# Halloween 2012 - big ideas, ruined by rain



## KLcre8 (Aug 1, 2013)

So last year I moved into a larger house with a giant front yard. I was so excited to finally have the space to create the ultimate Halloween Haunt.

I started building in August and created a life sized coffin and hang man's Gallows. It was awesome!




























I made lots of extra tombstones and made a large cemetery scene










For the big night I added all the extra lights and pumpkins and motion props.

Unfortunately, it was freezing cold and rained non stop. All my moving props lasted about half an hour and died. (I have to replace them all this year)

I was so excited to show off to my new neighborhood my love for Halloween and the weather killed it. I still had quite a few trick or treaters but I felt they were let down because it wasn't as scary as they were hoping.

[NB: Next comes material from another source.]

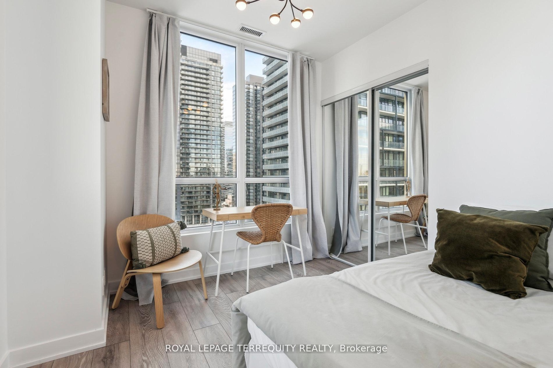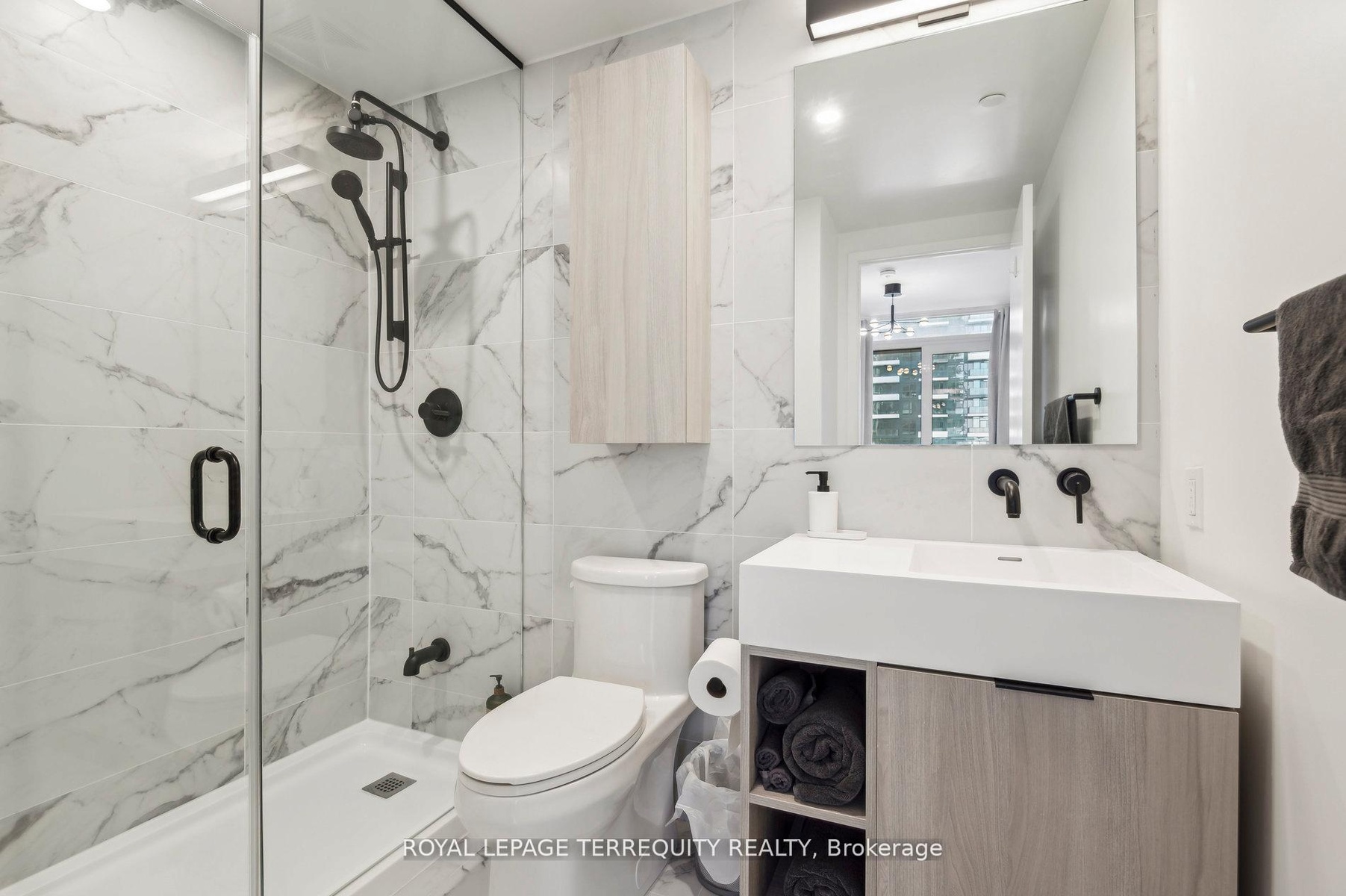 Welcome to this thoughtfully designed and upgraded 3-bedroom, 2-bathroom condo in the highly sought-after Peter & Adelaide Condos, perfectly situated in the vibrant heart of downtown. This stunning unit boasts a functional and stylish layout, featuring three spacious bedrooms, each filled with natural light from large windows and offering oversized or walk-in closets for ample storage. The primary bedroom is a private retreat with its own exclusive balcony, perfect for enjoying a quiet moment or taking in the northeast views of Toronto. The main living area opens to a second balcony, providing an additional outdoor space to soak in the city's energy. The unit has been upgraded with modern touches, including pot lights in the living area and overhead light fixtures in all bedrooms, adding both style and practicality. The bathrooms are beautifully appointed, with the master ensuite featuring a spacious walk-in shower and the second bathroom equipped with a deep soaker tub for ultimate relaxation. Located at the bustling Peter and Adelaide intersection, this condo offers unmatched convenience with a perfect 100 walk score, placing you steps away from world-class dining, shopping, and entertainment. Transit options are right at your doorstep, making it easy to explore all Toronto has to offer. The unit includes one parking spot and one locker, ensuring maximum convenience. Residents of Peter & Adelaide Condos enjoy access to premium amenities, including a rooftop pool with stunning city views, a state-of-the-art gym, and 24-hour concierge services. Renowned for its exceptional management, this building is one of Toronto's best-maintained and most desirable addresses. Whether you're a family, professional, or urban enthusiast, this condo offers the perfect blend of style, comfort, and city living. Don't miss this opportunity to make it yours!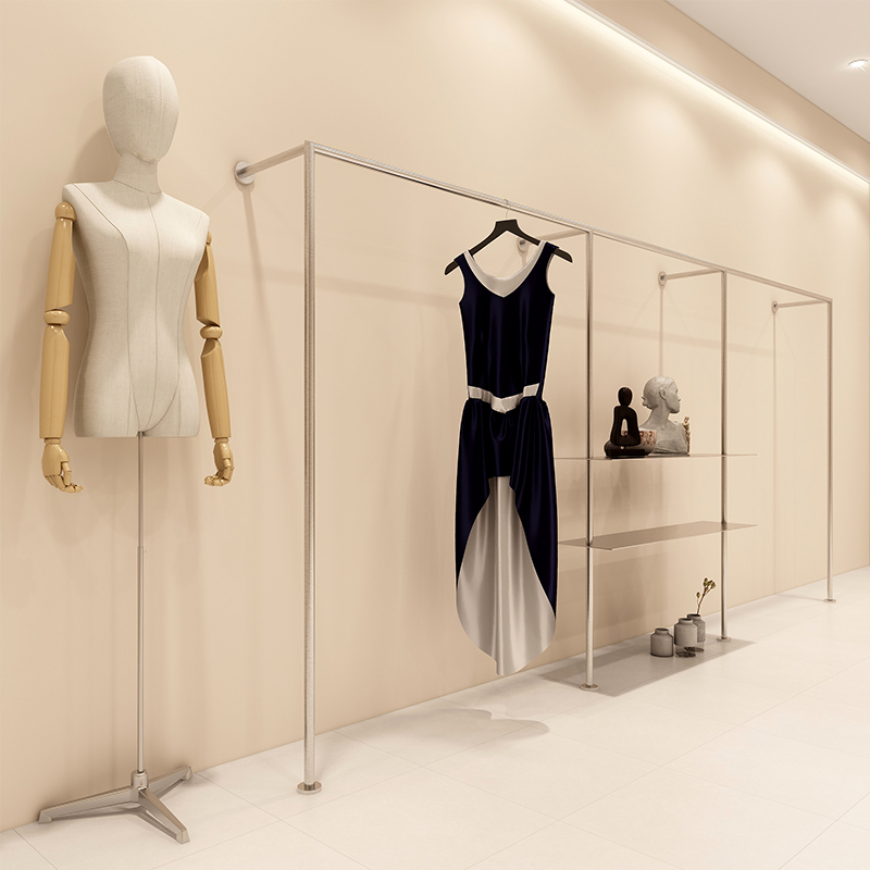 Clothing Store Show Shelf Display Rack Upper Wall Hanging Stainless Steel Silver Hanging Clothes Hanger Children's Clothing Shop Shelves

So THIS year, I am stepping up my game and creating more animated props to scare and excite, and I think I am going to condense the cemetery so it's more a display this year instead of walking through the yard. Maybe when I've created lots of animated props I will change it back to a walk through.

Can't wait for Halloween 2013! I've just found this forum, so I'm hoping with all your help, I can create the reputation of best house on the street!!! 

(Im still learning how to post and browse the site, so any links or helpful pointers would be great.)

Thanks!!


----------



## Pumpkin5 (Aug 8, 2010)

:jol: Welcome and WOW! Nice first attempt for sure. (lots of us get done in by the weather, but you must "Haunt On") Never say die, so to speak. There are lots of helpful people here and anyone would be glad to point you in the right direction. Roxy Blue and Bone Dancer are both excellent at finding past threads when you can't find what you are looking for, but feel free to use the search box to find what you are interested in. Your coffin and gallows look very cool, I love the aged wood look, very authentic looking. You may want to post a "Hello" in the welcome room so the other members can welcome you as well. You are going to love it here, and I have no doubt you will be the BEST house in the neighborhood this year. BTW, I love your Witch silhouette! (And you can Private Message members directly with questions if you wish.)


----------



## Hairazor (Mar 13, 2012)

Nice stuff, Love the gallows!


----------



## [email protected] (Aug 25, 2012)

I'm hoping for good weather this year too. We've had giant storms 2 years in a row (in Long Island). Such a letdown. Maybe we'll get lucky and Mother Nature will keep HER big ideas to herself this year.

Welcome!


----------



## MapThePlanet (Nov 12, 2010)

A very nice setup. I was mad at Mother Nature 2 years ago...I understand. Good luck this year!! You'll find a wealth of information and I have yet to have someone not answer a question or offer a suggestion! It is an awesome community of people here


----------



## Georgeb68 (Mar 26, 2013)

Cool setup.....living up in the northeast , the weather here is so unpredictable.....ask any weatherman......the one good thing is that it is usually colder so the fog stays around....I love the gallows,they look great!


----------



## Headless (Sep 4, 2011)

Our weather in Australia is fairly unpredictable at that time of year and bad weather is my worst nightmare as well. This will be our 3rd year and I'm just hoping we get a reasonable week as we have our party/haunt and then a fundraiser for our local Scout Group. You have some great props! Good luck with the re-build and some better weather this year.


----------



## SMR (Aug 4, 2013)

Those look really great! I'm sorry the weather had to ruin it all for you. Around where I live we have to take some serious winds into account, and I've lost more than a few props to it so I can feel your pain. Good luck with this year's haunt!


----------



## The Red Skull (Dec 23, 2010)

Keep up the great work!!
Just outside Philadelphia here, and 2 years ago 8 inches of snow on Halloween weekend, 1 year ago Sandy.... So.... Yeah.


----------



## MommaMoose (May 15, 2010)

Pretty awesome gallows! Weather is always that nasty thing that puts a wrench in the works for all of us. Hoping this year we all catch a break from Mother Nature.


----------



## jdubbya (Nov 6, 2005)

I'd kill for a yard like yours! Awesome space to haunt and some killer props too. We got crushed by the weather as well, cold/wind/rain. Did a scaled back haunt but could not put out our main theme props. We still got a decent amount of TOT's but really hoping for a great year this time.
Hoping the weather gods smile on all of us haunters!


----------



## WeirdlyGruesome (Aug 16, 2013)

Love the gallows and the coffin - really great photos too! And the witch silhouette is perfect! Agree that it might be nice to tighten up the tombstones a bit and see how that looks.

Huge admiration for you for taking a hit in your first year and vowing to come back even stronger this year! I think that's how you get great haunts!

I'm tempted to put stuff out earlier so folks can get a good look at everything before things the weather goes south (if it does). But then that increases the chance of something getting damaged earlier if the weather turns really nasty. 

But yeah, I think everyone is due some great Halloween weather this year.


----------



## CreeepyCathy (Mar 28, 2009)

great looking pics!


----------